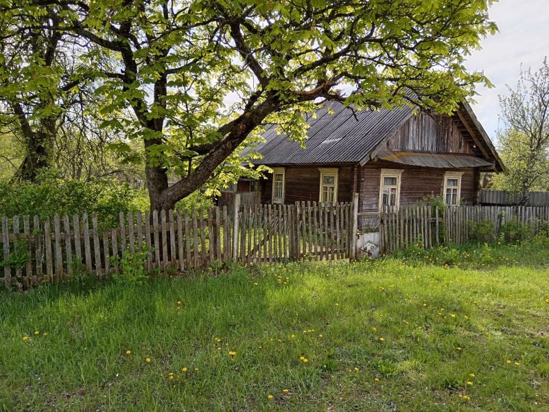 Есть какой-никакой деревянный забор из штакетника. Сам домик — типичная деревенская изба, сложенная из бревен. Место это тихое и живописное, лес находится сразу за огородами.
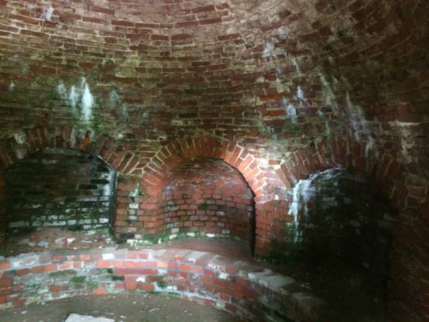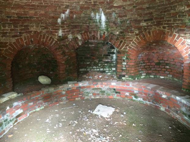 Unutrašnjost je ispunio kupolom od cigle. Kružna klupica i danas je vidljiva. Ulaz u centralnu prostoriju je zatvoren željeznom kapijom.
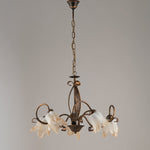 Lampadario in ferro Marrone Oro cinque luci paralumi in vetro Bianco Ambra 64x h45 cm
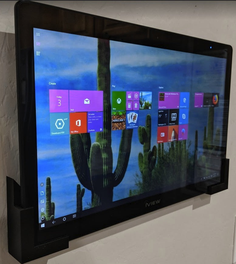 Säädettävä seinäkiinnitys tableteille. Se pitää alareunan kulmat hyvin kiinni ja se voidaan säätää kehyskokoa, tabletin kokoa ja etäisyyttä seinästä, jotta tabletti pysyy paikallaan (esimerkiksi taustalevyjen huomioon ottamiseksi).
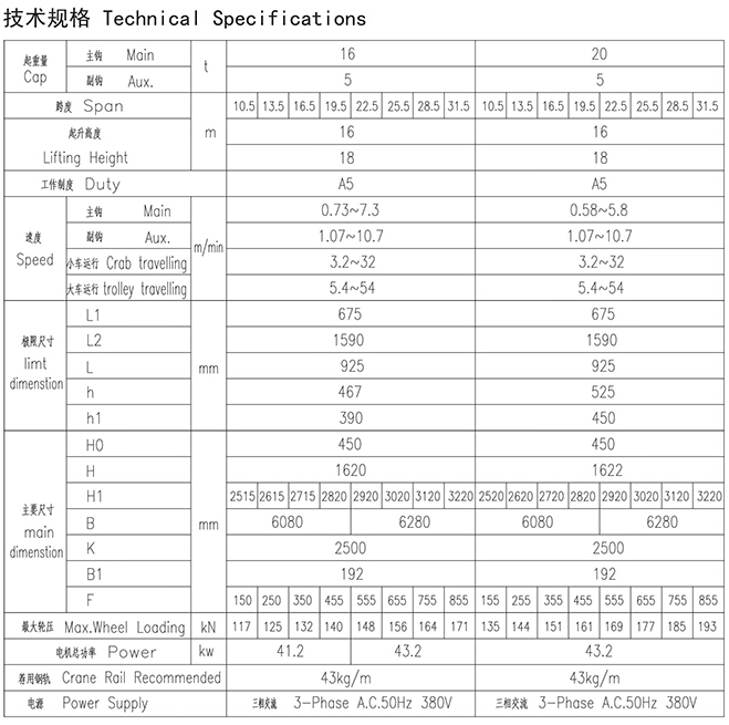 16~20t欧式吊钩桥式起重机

...

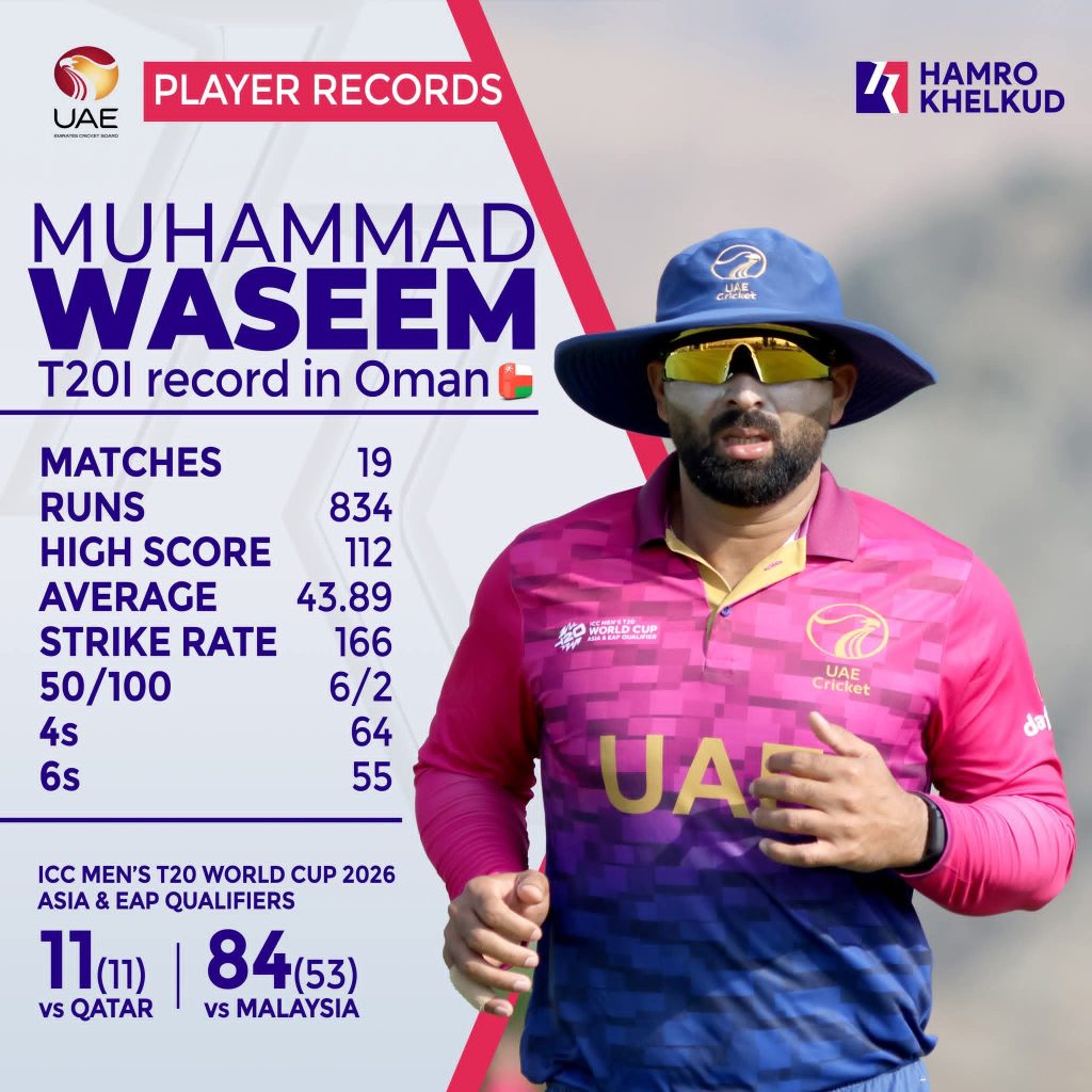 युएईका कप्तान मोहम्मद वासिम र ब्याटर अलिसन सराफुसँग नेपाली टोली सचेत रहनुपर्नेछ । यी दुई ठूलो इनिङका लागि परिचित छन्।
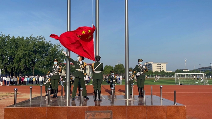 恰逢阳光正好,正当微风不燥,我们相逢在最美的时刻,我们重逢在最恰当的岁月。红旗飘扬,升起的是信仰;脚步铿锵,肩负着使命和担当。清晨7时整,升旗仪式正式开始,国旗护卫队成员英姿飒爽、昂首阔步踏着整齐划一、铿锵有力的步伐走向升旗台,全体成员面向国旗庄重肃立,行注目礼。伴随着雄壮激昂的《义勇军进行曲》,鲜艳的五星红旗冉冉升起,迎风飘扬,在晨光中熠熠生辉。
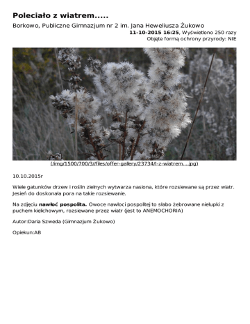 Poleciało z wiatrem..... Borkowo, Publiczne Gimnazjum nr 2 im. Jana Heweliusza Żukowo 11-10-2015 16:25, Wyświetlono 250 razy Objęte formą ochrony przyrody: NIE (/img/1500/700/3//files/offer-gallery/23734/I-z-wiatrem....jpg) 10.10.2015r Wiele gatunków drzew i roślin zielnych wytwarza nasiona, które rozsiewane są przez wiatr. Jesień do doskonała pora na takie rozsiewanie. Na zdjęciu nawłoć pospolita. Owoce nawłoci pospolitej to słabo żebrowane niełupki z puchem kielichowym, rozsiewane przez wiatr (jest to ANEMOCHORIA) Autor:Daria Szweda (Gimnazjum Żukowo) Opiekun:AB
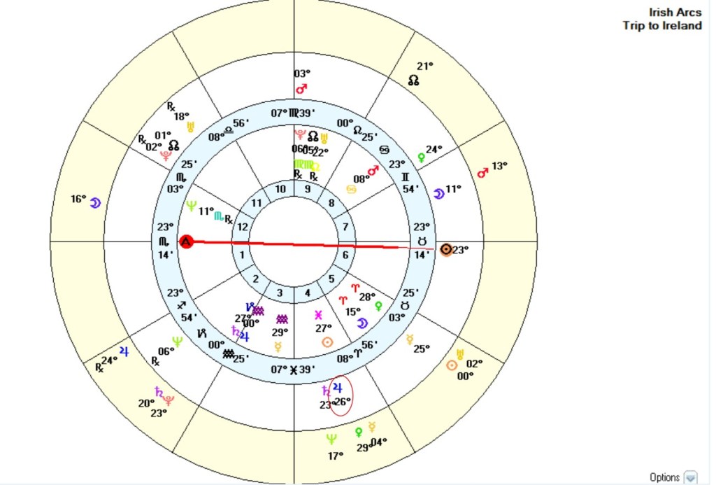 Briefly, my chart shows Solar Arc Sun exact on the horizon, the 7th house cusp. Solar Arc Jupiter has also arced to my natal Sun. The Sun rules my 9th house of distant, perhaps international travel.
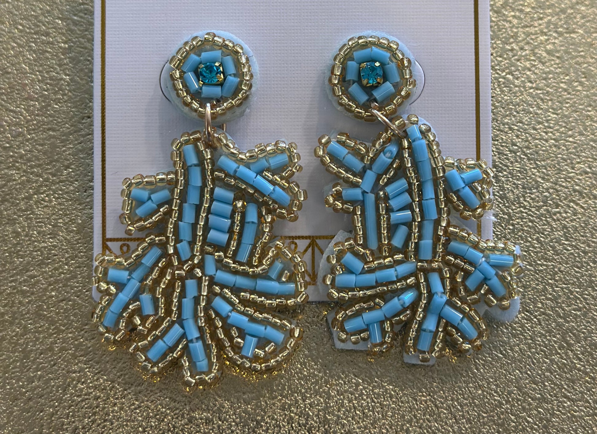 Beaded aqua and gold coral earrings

→ **What needs to be done**
Using the data above, output the line that has "Есть какой-никакой деревянный", the line that has "Lampadario in ferro", and whatever lines fall between, each exactly as it stands and without pictures.

→ **Solution to the exercise**
 Есть какой-никакой деревянный забор из штакетника. Сам домик — типичная деревенская изба, сложенная из бревен. Место это тихое и живописное, лес находится сразу за огородами.
 Unutrašnjost je ispunio kupolom od cigle. Kružna klupica i danas je vidljiva. Ulaz u centralnu prostoriju je zatvoren željeznom kapijom.
 Lampadario in ferro Marrone Oro cinque luci paralumi in vetro Bianco Ambra 64x h45 cm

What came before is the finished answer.